When Life Gives You Lemons

5:31 AM

4.18 AM - Sleepless Ayas is back. To begin with, this post contains absolutely personal thought and before you stop by only to dig deeper to my personal life and come up with seriously inappropriate judgements after that, I politely ask you to leave. Thank you very much.

Maybe it was my fault for taking a little too much of coffee, maybe it was my fault for skipping dinner, maybe it was my fault for having literally too much to think about. I seriously do not know what state I am in right now and I have no idea of what and who I can rely on. Never in my life I experience this kind of thing before and it undoubtedly shows who I am, I think, from how I would react.

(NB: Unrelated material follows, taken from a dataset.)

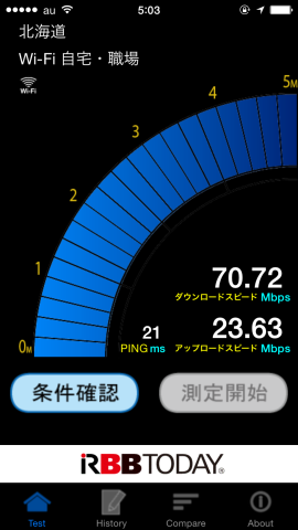 私の環境はVDSLで100Mbps契約なのですが、これだけでるなんて、すごいわ。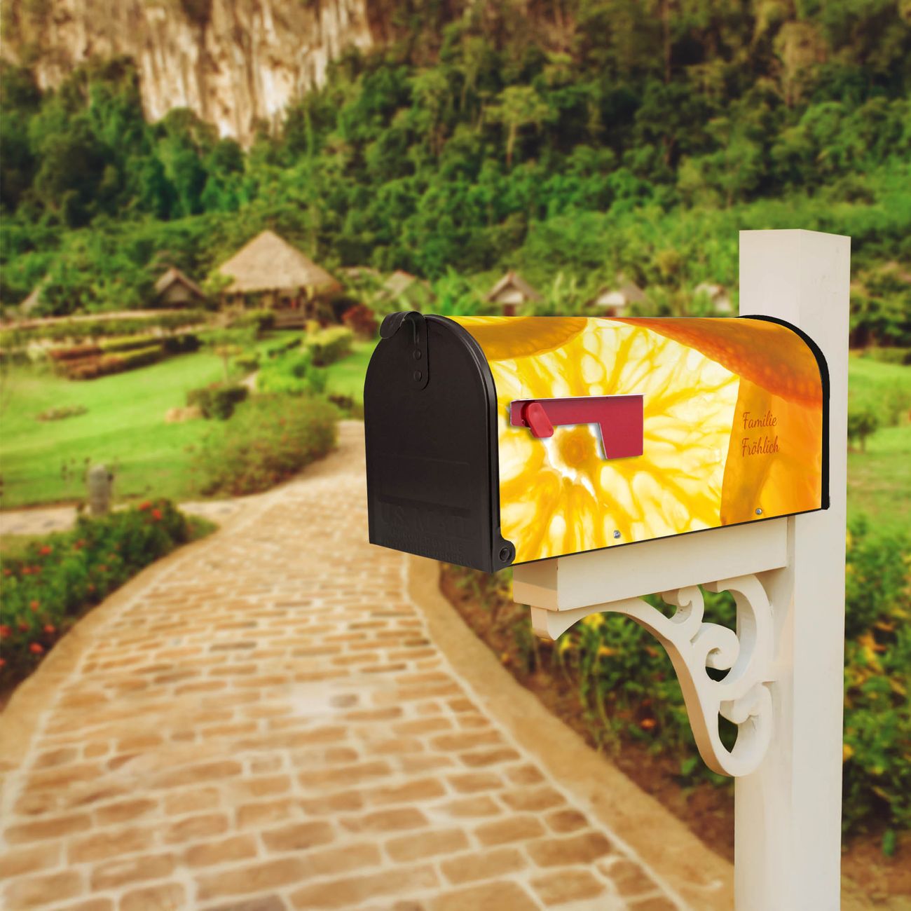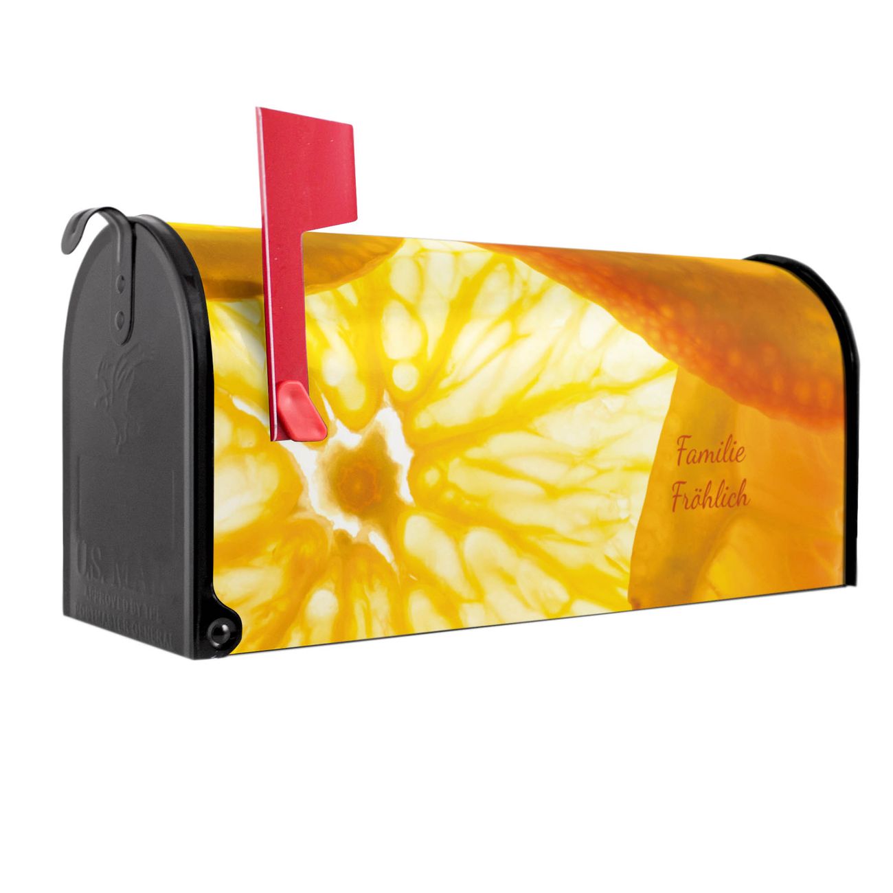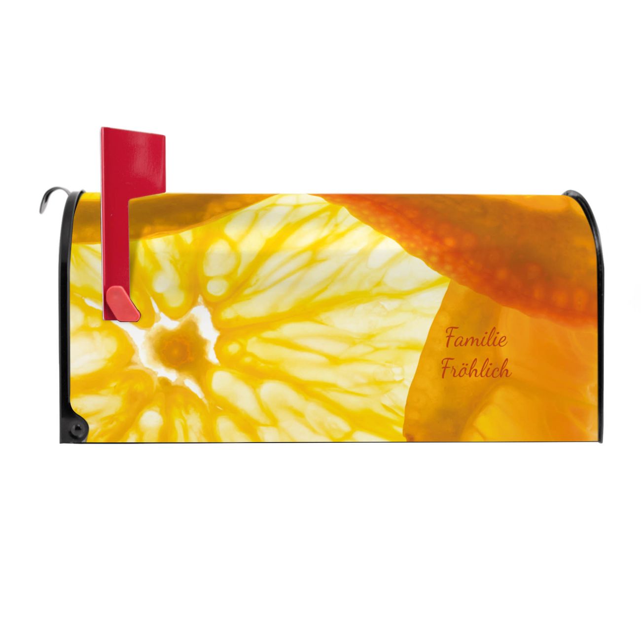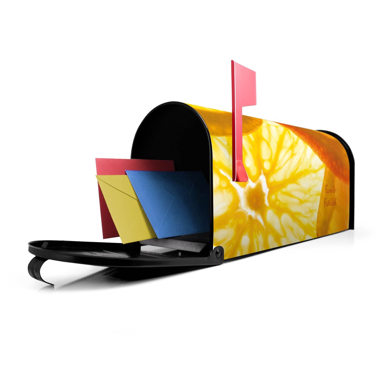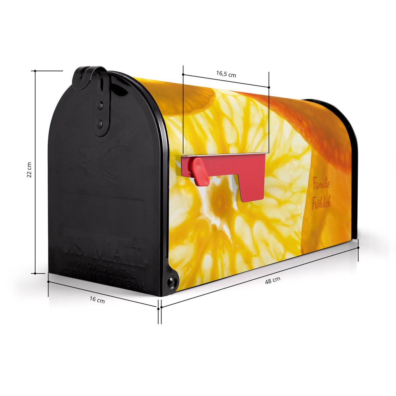 Der amerikanische Briefkasten von banjado mit Zitrusfrüchte Motiv bietet Ihnen ausreichend Fassungsvermögen, um große A4 Sendungen und Zeitschriften zu empfangen. Die typisch amerikanische rote Fahne zeigt Ihnen an, wenn Sie Post erhalten haben. Die US-Mailbox besteht aus verzinktem Stahlblech welches lackiert wurde und ist 48 x 22 x 16 CM (BxHxT) groß. Die Folie mit Motiv Zitrusfrüchte besteht aus einer wetter- und UV-resistenten Folie, die mit einem Schutzlaminat überzogen ist, sodass die US Mailbox zusätzlich vor Kratzern geschützt ist. An der Unterkante sind 4 Löcher je Seite um die Mailbox, typisch amerikanisch, an einem Holzpfahl oder einem Zaun zu befestigen. Auf Wunsch können Sie bei uns den passenden Standfuß oder die passende Wandhalterung kaufen um die US-Mailbox sicher zu befestigen. Wir bieten Ihnen ebenfalls Namensschilder, bereits beschriftet oder frei zu beschriften, und verschiedene selbst gestaltete Bitte-Keine-Werbung-Aufkleber.

A lot of things were happening in a day and, honestly, the thought of asking why would those happen, was the thing that kept me off my bed. Where did I go wrong? Why me? What did I do to deserve all these? And the questions will never stop. Me writing this, without any doubt, would get certain people to think that I am a hopeless, lifeless, pathetic little lady whose only activity is looking for attention. Well, hello there, y'all. I hope your day wasn't as bad as mine and  your cruel thought. I know you're reading this but I don't need your validation to what I'm feeling.

I have heard a lot of lemon jokes, and I didn't take any big deal out of it. Now I know why people made them. Most of the time I keep telling myself that I won't let things get along my way and I believe that it's under my control. But in reality, it's not that simple. A lot can happen without us even noticing and that's the lemon in the lemon jokes. The sour in the life of ours, that moment when you shut your eyes tightly and wrinkle your little nose after tasting acid. I get it now. Lemons alone taste terrible, many of us can't handle its sour but it won't last too long unless you let it. When life gives you lemons, my advice is take it. And if you want, you can either make lemonades, sell them or mix it with iced tea.